La sua storia nel film “The Reformist” della regista danese Marie Skovgaard, in arrivo alla Fondazione Pini di Milano
Quando la sua moschea ha aperto le porte, in un venerdì di preghiera a Copenhagen, ha subito dichiarato i suoi intenti: sfidare le struttura patriarcali all’interno delle istituzioni religiose.
Stiamo parlando di Sherin Khankan, primo imam donna della Scandinavia che, con un’altra donna imam, ha dato vita alla Mariam Mosque nella città danese. Un luogo aperto alle donne, dove i riti vengono officiati da donne, ma pronto ad ospitare, naturalmente, anche esponenti dell’altro sesso. Diversi matrimoni sono già stati celebrati al suo interno e una carta matrimoniale di sei pagine governa la filosofia del luogo, a base di principi inviolabili: la poligamia non è un’opzione; le donne hanno il diritto di divorziare; un matrimonio sarà annullato se viene commessa violenza psicologica o fisica; e, in caso di divorzio, le donne avranno pari diritti sui bambini. La sua storia comincia in un’infanzia accompagnata da una madre finlandese di religione cristiana e un padre siriano di religione islamica che la crescono secondo i valori di entrambe le realtà cui appartengono, ma sempre con un grande rispetto per la donna e le sue libertà.
A dare spazio a un islam al femminile non è la sola: in Cina ci sono state imam donne dal 19° secolo, in Inghilterra esistono già realtà condotte al femminile e la moschea di Copenhagen si inserisce in un movimento mondiale piuttosto vasto, che fa riferimento a un Islam spirituale, moderno con l’idea di dare voce a una realtà alternativa, senza delegittimare le altre.

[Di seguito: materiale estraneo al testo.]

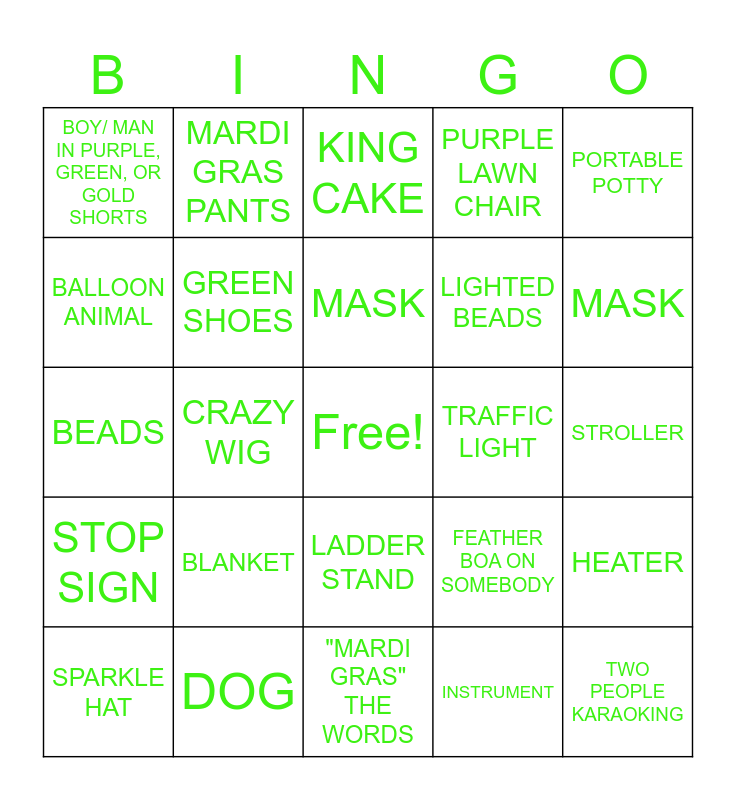 This bingo card has a free space and 39 words: PURPLE LAWN CHAIR, LSU TENT, FLEUR-DI-LIS, GREEN SHOES, SPARKLE HAT, LADDER STAND, MASK, SLIDE, PORTABLE POTTY, STOP SIGN, CRAZY WIG, PURPLE LAWN CHAIR, TWO PEOPLE KARAOKING, STROLLER, TRAFFIC LIGHT, BLANKET, SWING, BOY/ MAN IN PURPLE, GREEN, OR GOLD SHORTS, PARAMEDIC/ POLICE MULE-SIDE BY SIDE, FEATHER BOA ON SOMEBODY, BALLOON ANIMAL, "MARDI GRAS" THE WORDS, LIGHTED BEADS, MASK, CHANDELIER, IPHONE, TATTOO, WAGON, JESTER HAT, MARDI GRAS PANTS, BBQ PIT/ FIRE PIT, DOUBLOONS, KING CAKE, DOG, INSTRUMENT, FIREMAN, HEATER, BEADS and UMBRELLA.

Ecco, proprio su questa voce alternativa la regista danese Marie Skovgaard ha deciso di girare un film. Il risultato è The Reformist, un lungometraggio dedicato a Sherin, “femminista rivoluzionaria”, come la definisce lei. Imam e regista entrano in un contatto profondo, mossa da curiosità e da quella deformazione professionale dei cacciatori di storia la seconda, interessata a vedere cosa sarebbe venuto fuori la prima. Così comincia da subito una collaborazione e il piccolo nucleo di fedeli intorno alla Moschea Mariam consente a Marie di partecipare ai loro incontri e filmare. Le cose si complicano un pochino con l’allargamento dei partecipanti, ma Marie non perde mai il contatto con quella realtà. Ne viene fuori un film documentario che pone l’accento sul presente, non tanto sulla vita di Sherin, piuttosto sul bisogno delle donne di avere accesso a un luogo come quello. O forse della forza di una donna capace di cambiare lo status quo.